PETALING JAYA: Steel pipe manufacturer Pantech Global Bhd, en route to a listing on the Main Market of Bursa Malaysia, offers investors a pure-play exposure to the company’s parent Pantech Group Holdings Bhd
’s manufacturing arm.
Pantech Group will remain the controlling shareholder through a 69.15% stake following the initial public offering (IPO).
Mercury Securities Sdn Bhd recommends investors to subscribe to the IPO, noting that its leading market position, steady margins, overseas exposure and capacity expansion justifies a fair value of 88 sen for the share price based on 11.5 times financial year ending Feb 28, 2026 (FY26) earnings per share.
This translates to a 29% upside potential to the IPO price of 68 sen.
The brokerage said the listing not only offers a pure-play exposure to the parent company’s manufacturing arm but also carries a higher margin than the trading arm, with its segmental profit before taxation margins climbing from 14.6% in FY22 to 18.9% in FY23, before stabilising at 16.2% in FY24.
Pantech Global has also demonstrated a robust two-year compounded annual growth rate (CAGR) for revenue of 11.9%, or a CAGR of RM441mil in FY24 from RM352mil in FY22, with a forecast of RM561mil by FY27.
“This growth is fuelled by its global footprint, with exports accounting for over 72% of sales,” the brokerage said.
The United States market remains the company’s most important, contributing 47% of total revenue in FY24, followed by the Netherlands and Canada.
Drilling down further, the company’s top five major customers, in which it has maintained a long-term relationship of more than 20 years, contributes approximately 70% of total revenue.
“A significant advantage lies in Pantech Global’s US dollar-denominated revenue, which positions it favourably against currency fluctuations, particularly amid a strong US dollar environment,” it said.

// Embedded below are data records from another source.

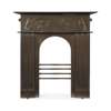 cast with a decorative frieze of rooks below the mantel shelf, the jambs with ribbed decoration
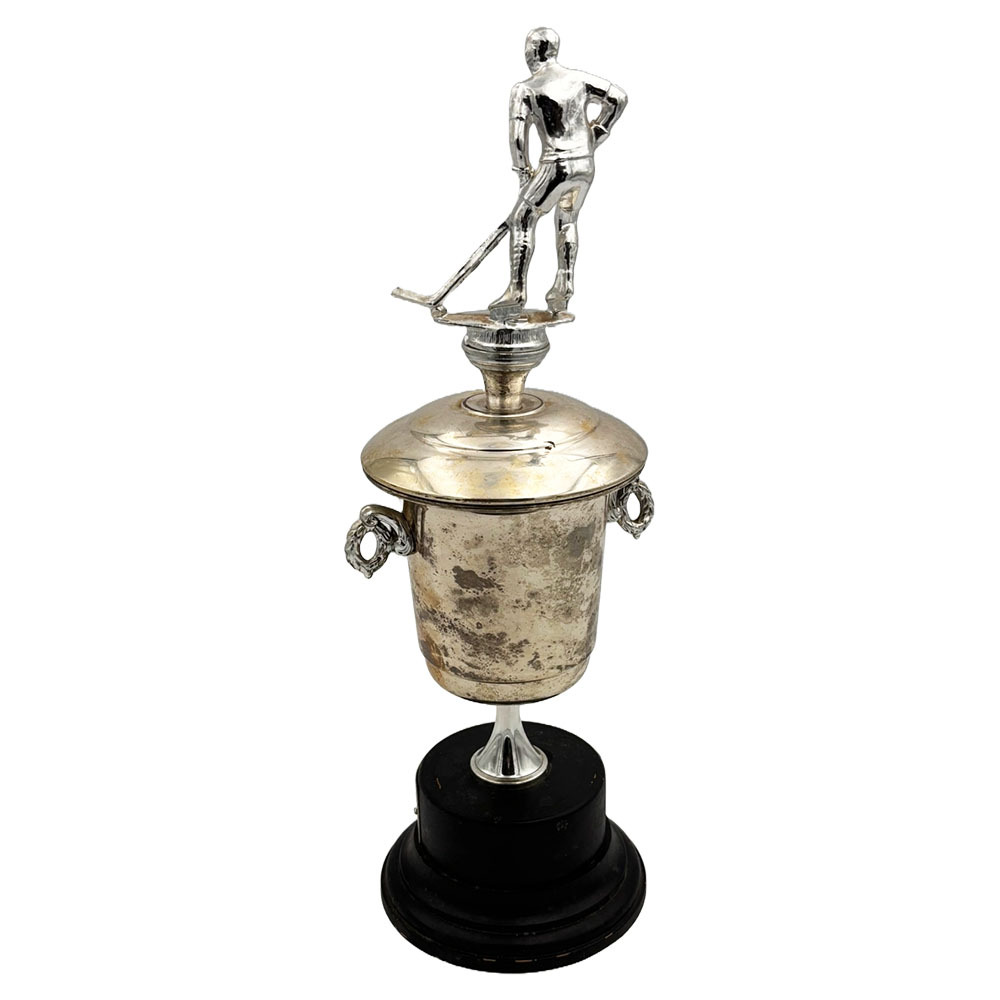 This Sport Magazine "Top Performer in Hockey" trophy was awarded to Mr. Hockey - Gordie Howe in recognition of his dominance over two decades from 1946 to 1966. The silver-toned trophy features a hockey player on top, ornate side handles, and is engraved with "SPORT Magazine - Top Performer in Hockey - 1946-1966". It also proudly displays a curved plate at the base with Gordie's name on it. The trophy measures 5X5" at the base and stands 17" tall.
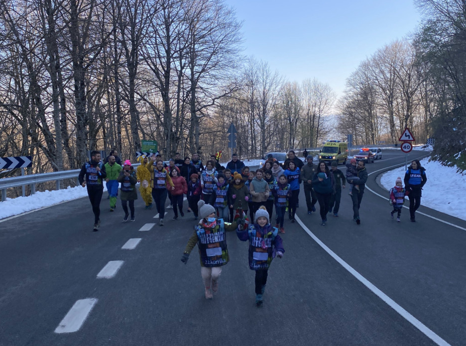 Berueten, lasterkariek ez dute kexurik izan malda gora, Korrikak eta lekukoak ematen duen indarraren seinale. Sasoia jubilatu elkarteak autobusean ekarri du bere kemena.

It added that the company’s products such as butt-weld pipe fittings and stainless-steel welded pipes were essential across the oil and gas, petrochemicals, water treatment, power generation, shipbuilding, semiconductors and speciality chemicals industries, which also ensures consistent demand and ensures non-reliance on any single industry.
It pointed out that the company “is well-positioned to capitalise” on the shift towards environmentally sustainable practices, where there has been an increase in investments for facility upgrades, new plant developments, and industrial expansions, particularly for specialty chemicals.
Pantech Global’s manufacturing utilisation rates of between 80% and 92% in the first-half of FY25 reflects the growing need for high-performance piping solutions across key industries.
It has plans to expand operations through the IPO proceeds and this would see overall production capacity rising to 53,410 tonnes from 50,410 tonnes.
“We expect Pantech Global to maintain a steady gross profit margin of 23% to 25% from FY25 to FY27.
“This will be supported by its improved cost efficiencies, flexible pricing strategy and strong demand for high-performance piping solutions.
“Historically, its gross profit margin ranged between 23% and 31% from FY22 to FY24, with the fluctuations mainly affected by global steel price movements,” the brokerage said.